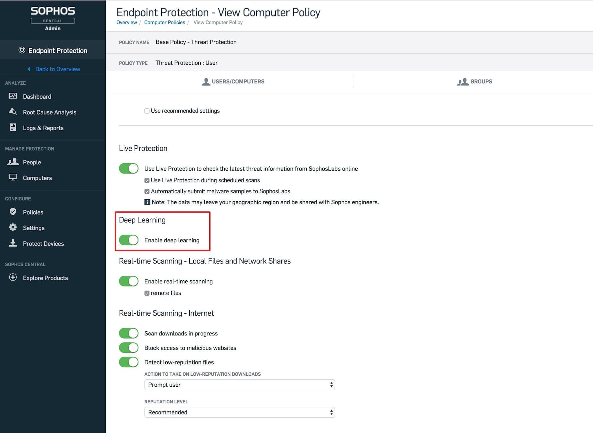 Als je in Sophos Central de aanbevolen instellingen van Sophos gebruikt, wordt deze nieuwe technologie automatisch geactiveerd. Om zeker te weten of Deep Learning bij jullie daadwerkelijk is ingeschakeld, kun je als volgt te werk gaan:
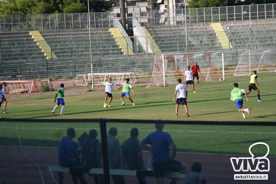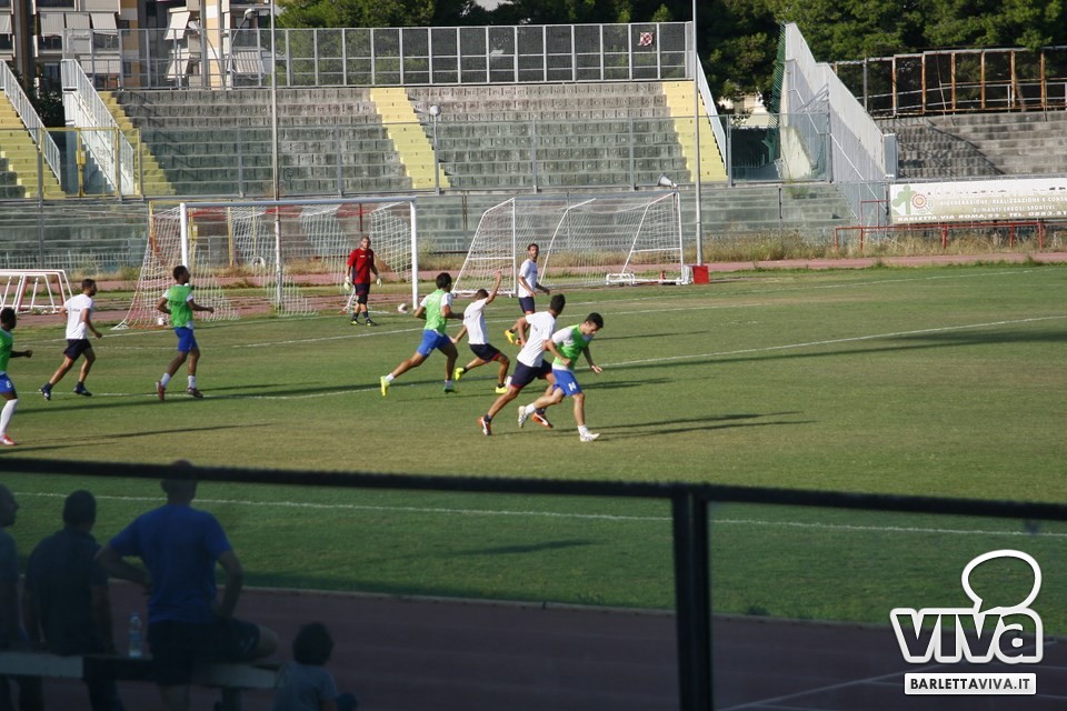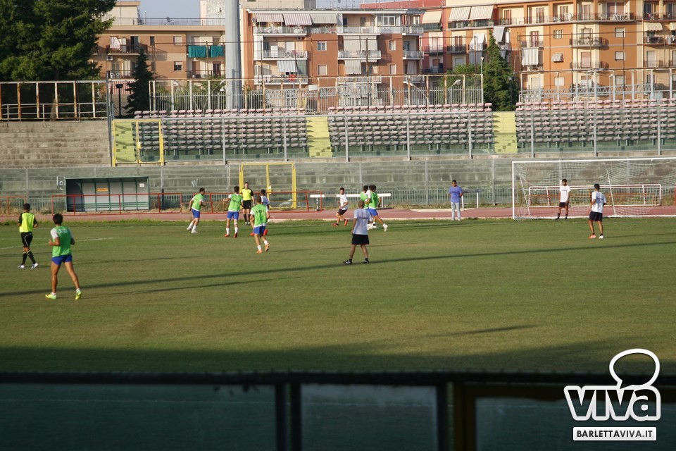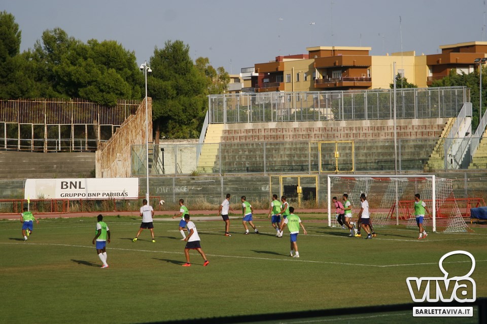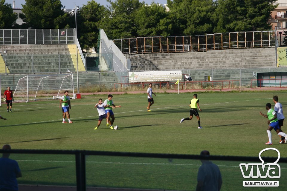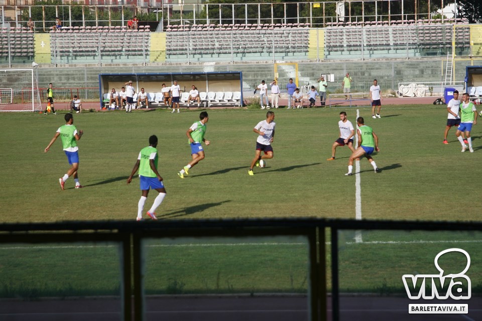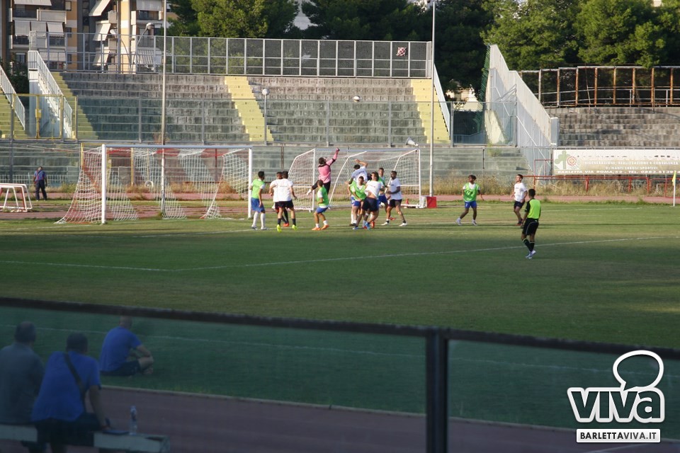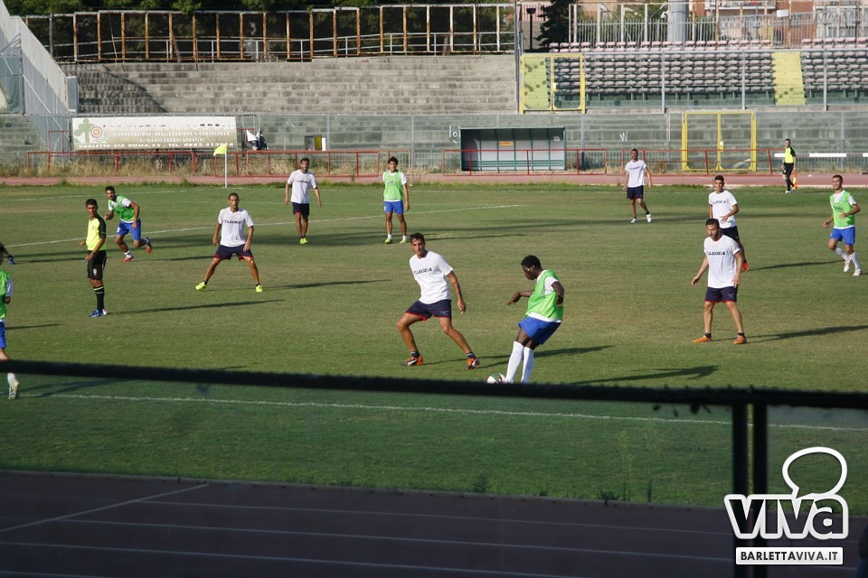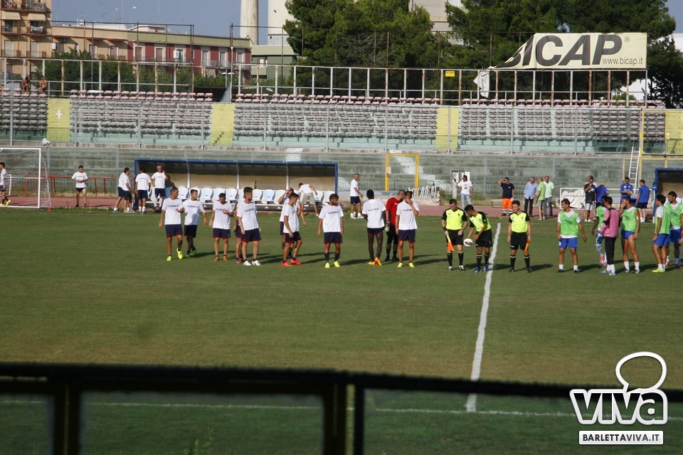 Mister Sesia schiera dal 1' Liverani tra i pali, davanti a cui agiscono Regno, Radi, Zammuto (al posto di Stendardo ndr che aveva cominciato dal 1' domenica) e Cortellini. In mediana, spazio ancora a Branzani e Quadri, accanto a cui viene schierato il giovane Matera. In attacco, confermati Venitucci, Floriano e Fall. La partenza dei biancorossi è migliore, con la velocità dei tre d'attacco che mette subito in apprensione la retroguardia ospite. Al 6' si sblocca la partita: Venitucci si invola sulla fascia, vince un rimpallo e serve bene al centro Fall, che da pochi metri beffa il portiere tranese. La reazione della Vigor tarda ad arrivare, e il Barletta ne approfitta per portarsi sul 2-0: dopo un lungo lancio, Fall addomestica bene la palla, alza la testa e serve Venitucci, che dall'altezza del dischetto del rigore gonfia la rete. Dopo la "sfuriata" iniziale, il Barletta, complice un gran caldo, rallenta i ritmi, e la partita procede senza troppe emozioni fino al termine della prima frazione. Nella ripresa, le squadre rientrano in campo agli ordini della terna arbitrale barlettana, composta dal fischietto Insanguine e dagli assistenti Fumarulo e Vitobello. Mister Sesia opta per un Barletta totalmente nuovo, con De Martino in porta, Guarco, Kiakis, Stendardo e Sokoli in difesa, Legras, Mantovani e il "Berretti" Sette in mediana, il baby Scalise, Biancolino e Rizzitelli in attacco. Il Barletta prova a proiettarsi in avanti alla ricerca del tris, ma Mantovani prima (tiro alto sulla traversa) e Biancolino poi (due occasioni per "Il Pitone") non riescono a centrale lo specchio della porta. Si chiude dunque sul 2-0 l'ultimo match amichevole dei biancorossi, che hanno accumulato altri minuti importanti in vista dell'esordio di sabato. Al "Torre", tra poco più di 48 ore, si farà sul serio: scenderanno in campo il Savoia dell'ex Meduri e il Barletta per il secondo turno del girone di Coppa Italia Lega Pro.
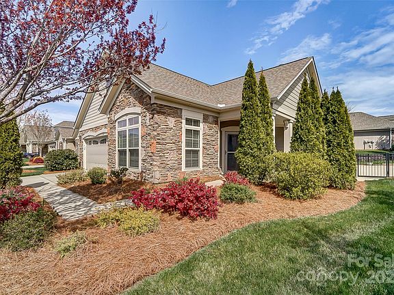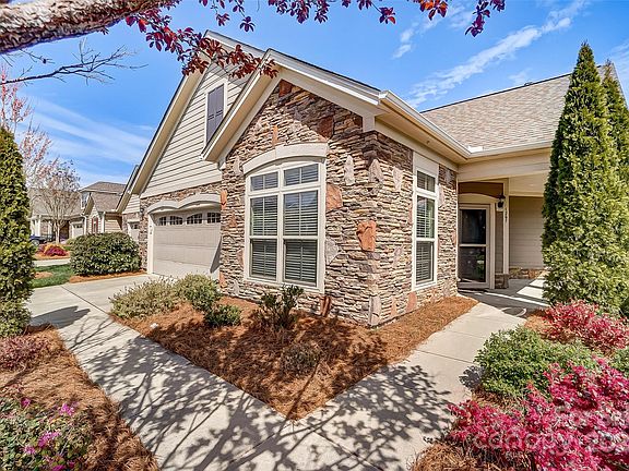 This highly desirable 55+ Community is only minutes from Waverly and Ballantyne, yet nestled in Union County! This Low Maintenance property has so much to offer. This ranch's open floor-plan boasts a Huge Great Room with Fireplace and built-ins with lighted shelving, a spacious Dining Area, and a Chef's Kitchen with Quartz Counters, high end SS Appliances, a double oven, a roomy Breakfast Bar and pull out drawers. There is a pantry, and a larger sewing / craft room nearby that can be a second pantry or a closet too. All cabinets have pull out drawers! The office has wood flooring and built-ins too. The ample Primary Suite has a separate sitting room in the back with patio access, and a luxury bath has walk-in shower. The laundry room has space to work and a sink for convenience. The over-sized courtyard / patio is perfect for entertaining, and has a gas line for a grill. Yard Maintenance, A neighborhood clubhouse, gym and pool round out the features of this relaxing community.
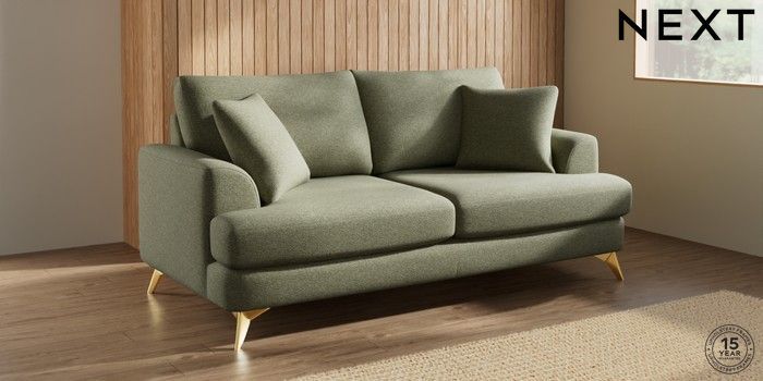 7.3.1 Buy Parker 3 Seater Sofa Tweedy Chenille Mid Moss Green High Metal - Brass from the Seasons online shop Click here to use our website with more accessibility support, for example screen readers
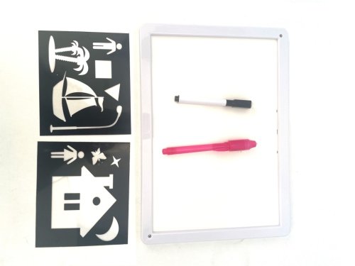 Súčasťou balenia sú dve ceruzky – jedna špeciálna svietiaca, druhá klasická, ktorá slúži ako bežné kresliace náčinie na druhú stranu tabuľky, ktorá je zároveň aj tabuľou na mazanie. Vďaka tomu má tabuľka dvojaké využitie – svietiace kreslenie a bežné kreslenie na bielu plochu. Okrem ceruziek sú k dispozícii aj šablóny s rôznymi tvarmi, ako sú dom, loď, raketa, postavičky či mesačné motívy, ktoré uľahčujú tvorbu obrázkov a rozvíjajú detskú predstavivosť.
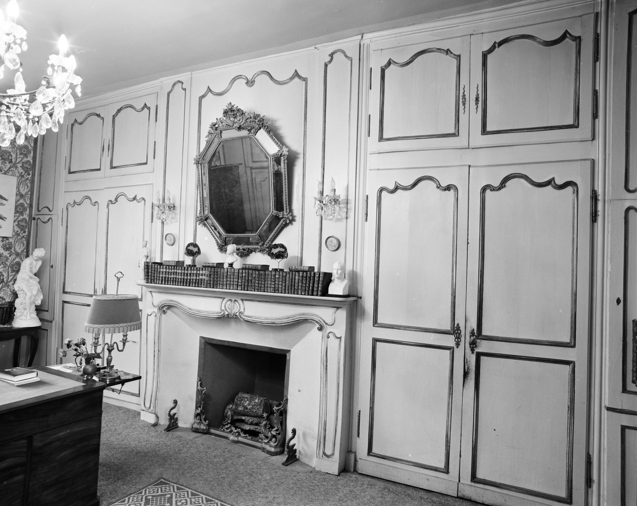 Maison, rez-de-chaussée, pièce sud, mur sud : cheminée et lambris (état en 1993)Immatriculation
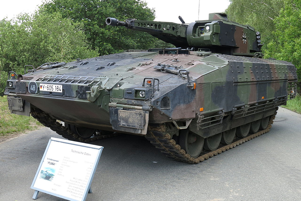 Puma - боевая машина пехоты Германии. Ее масса - 43 тонны. Экипаж - три человека и десант - шесть военнослужащих. Она стоит на вооружении с 2015 года. Изначально планировали выпустить 410 БМП. Но потом их количество сократили до 350, цена каждой - до семи миллионов евро.
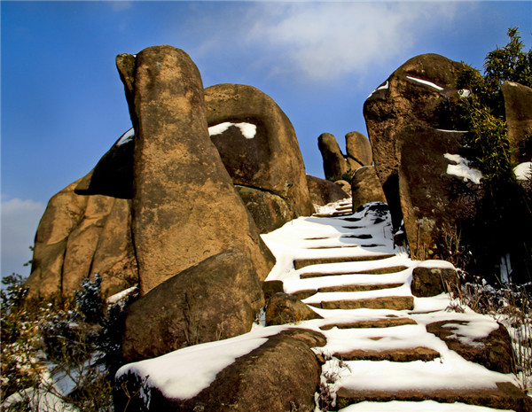 玉苍山位于苍南县城西北20多公里,景区集奇、秀、幽、野于一体,形成绚丽多姿的山水画卷。这里无处不石,无石不美,大小错落,各具神态,妙趣天成。仙人碇步、石瀑岩、石海覆舟、望天龟、摇动岩、锦绣谷等景点多达108处,是大自然鬼斧神工造就的奇石世界。
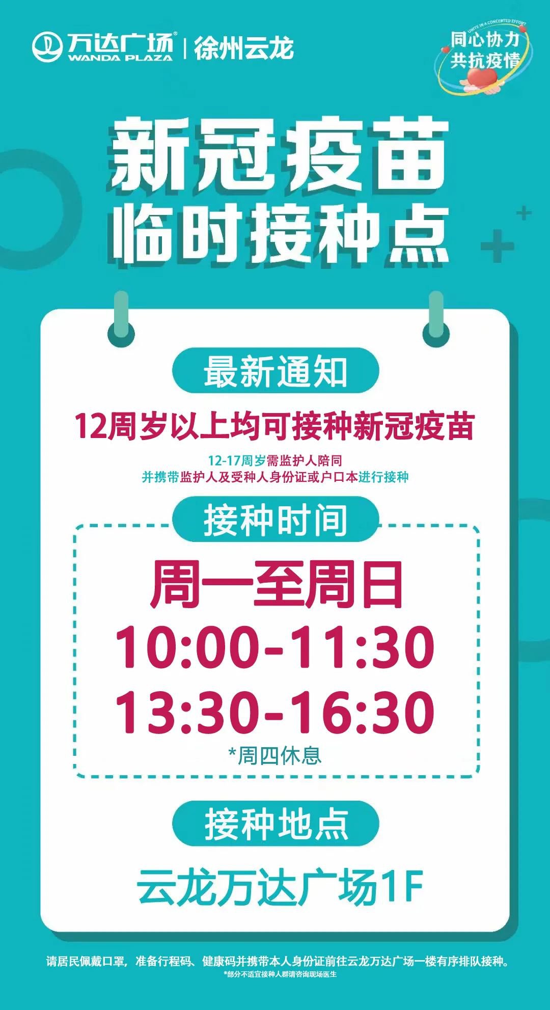最近疫情严峻,小伙伴们都接种疫苗了吗?没打的朋友们抓紧来云龙万达打疫苗呀。现在12-17岁的青少年也可以接种,逛街的同时就能搞定不用再顶着高温排队,简直太方便啦
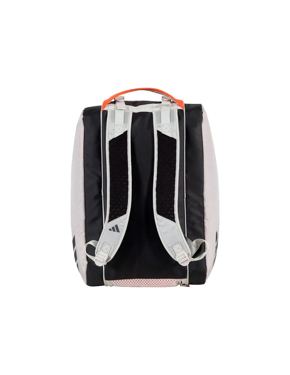 I due scomparti laterali sono pensati per trasportare le tue racchette da padel, ricoperti da un isolamento termico che garantisce che le tue racchette rimangano in perfette condizioni, proteggendole dagli sbalzi di temperatura. Sotto lo scomparto centrale, troverai uno spazio in rete pensato appositamente per le scarpe, che facilita la ventilazione e mantiene pulito il resto del contenuto della borsa per la racchetta.

....

> Aim of the exercise
Your reply should hold only the records, duplicated exactly, without any image.

> Task answer
 Als je in Sophos Central de aanbevolen instellingen van Sophos gebruikt, wordt deze nieuwe technologie automatisch geactiveerd. Om zeker te weten of Deep Learning bij jullie daadwerkelijk is ingeschakeld, kun je als volgt te werk gaan:
 Mister Sesia schiera dal 1' Liverani tra i pali, davanti a cui agiscono Regno, Radi, Zammuto (al posto di Stendardo ndr che aveva cominciato dal 1' domenica) e Cortellini. In mediana, spazio ancora a Branzani e Quadri, accanto a cui viene schierato il giovane Matera. In attacco, confermati Venitucci, Floriano e Fall. La partenza dei biancorossi è migliore, con la velocità dei tre d'attacco che mette subito in apprensione la retroguardia ospite. Al 6' si sblocca la partita: Venitucci si invola sulla fascia, vince un rimpallo e serve bene al centro Fall, che da pochi metri beffa il portiere tranese. La reazione della Vigor tarda ad arrivare, e il Barletta ne approfitta per portarsi sul 2-0: dopo un lungo lancio, Fall addomestica bene la palla, alza la testa e serve Venitucci, che dall'altezza del dischetto del rigore gonfia la rete. Dopo la "sfuriata" iniziale, il Barletta, complice un gran caldo, rallenta i ritmi, e la partita procede senza troppe emozioni fino al termine della prima frazione. Nella ripresa, le squadre rientrano in campo agli ordini della terna arbitrale barlettana, composta dal fischietto Insanguine e dagli assistenti Fumarulo e Vitobello. Mister Sesia opta per un Barletta totalmente nuovo, con De Martino in porta, Guarco, Kiakis, Stendardo e Sokoli in difesa, Legras, Mantovani e il "Berretti" Sette in mediana, il baby Scalise, Biancolino e Rizzitelli in attacco. Il Barletta prova a proiettarsi in avanti alla ricerca del tris, ma Mantovani prima (tiro alto sulla traversa) e Biancolino poi (due occasioni per "Il Pitone") non riescono a centrale lo specchio della porta. Si chiude dunque sul 2-0 l'ultimo match amichevole dei biancorossi, che hanno accumulato altri minuti importanti in vista dell'esordio di sabato. Al "Torre", tra poco più di 48 ore, si farà sul serio: scenderanno in campo il Savoia dell'ex Meduri e il Barletta per il secondo turno del girone di Coppa Italia Lega Pro.
 This highly desirable 55+ Community is only minutes from Waverly and Ballantyne, yet nestled in Union County! This Low Maintenance property has so much to offer. This ranch's open floor-plan boasts a Huge Great Room with Fireplace and built-ins with lighted shelving, a spacious Dining Area, and a Chef's Kitchen with Quartz Counters, high end SS Appliances, a double oven, a roomy Breakfast Bar and pull out drawers. There is a pantry, and a larger sewing / craft room nearby that can be a second pantry or a closet too. All cabinets have pull out drawers! The office has wood flooring and built-ins too. The ample Primary Suite has a separate sitting room in the back with patio access, and a luxury bath has walk-in shower. The laundry room has space to work and a sink for convenience. The over-sized courtyard / patio is perfect for entertaining, and has a gas line for a grill. Yard Maintenance, A neighborhood clubhouse, gym and pool round out the features of this relaxing community.
 7.3.1 Buy Parker 3 Seater Sofa Tweedy Chenille Mid Moss Green High Metal - Brass from the Seasons online shop Click here to use our website with more accessibility support, for example screen readers
 Súčasťou balenia sú dve ceruzky – jedna špeciálna svietiaca, druhá klasická, ktorá slúži ako bežné kresliace náčinie na druhú stranu tabuľky, ktorá je zároveň aj tabuľou na mazanie. Vďaka tomu má tabuľka dvojaké využitie – svietiace kreslenie a bežné kreslenie na bielu plochu. Okrem ceruziek sú k dispozícii aj šablóny s rôznymi tvarmi, ako sú dom, loď, raketa, postavičky či mesačné motívy, ktoré uľahčujú tvorbu obrázkov a rozvíjajú detskú predstavivosť.
 Maison, rez-de-chaussée, pièce sud, mur sud : cheminée et lambris (état en 1993)Immatriculation
 Puma - боевая машина пехоты Германии. Ее масса - 43 тонны. Экипаж - три человека и десант - шесть военнослужащих. Она стоит на вооружении с 2015 года. Изначально планировали выпустить 410 БМП. Но потом их количество сократили до 350, цена каждой - до семи миллионов евро.
 玉苍山位于苍南县城西北20多公里,景区集奇、秀、幽、野于一体,形成绚丽多姿的山水画卷。这里无处不石,无石不美,大小错落,各具神态,妙趣天成。仙人碇步、石瀑岩、石海覆舟、望天龟、摇动岩、锦绣谷等景点多达108处,是大自然鬼斧神工造就的奇石世界。
最近疫情严峻,小伙伴们都接种疫苗了吗?没打的朋友们抓紧来云龙万达打疫苗呀。现在12-17岁的青少年也可以接种,逛街的同时就能搞定不用再顶着高温排队,简直太方便啦
 I due scomparti laterali sono pensati per trasportare le tue racchette da padel, ricoperti da un isolamento termico che garantisce che le tue racchette rimangano in perfette condizioni, proteggendole dagli sbalzi di temperatura. Sotto lo scomparto centrale, troverai uno spazio in rete pensato appositamente per le scarpe, che facilita la ventilazione e mantiene pulito il resto del contenuto della borsa per la racchetta.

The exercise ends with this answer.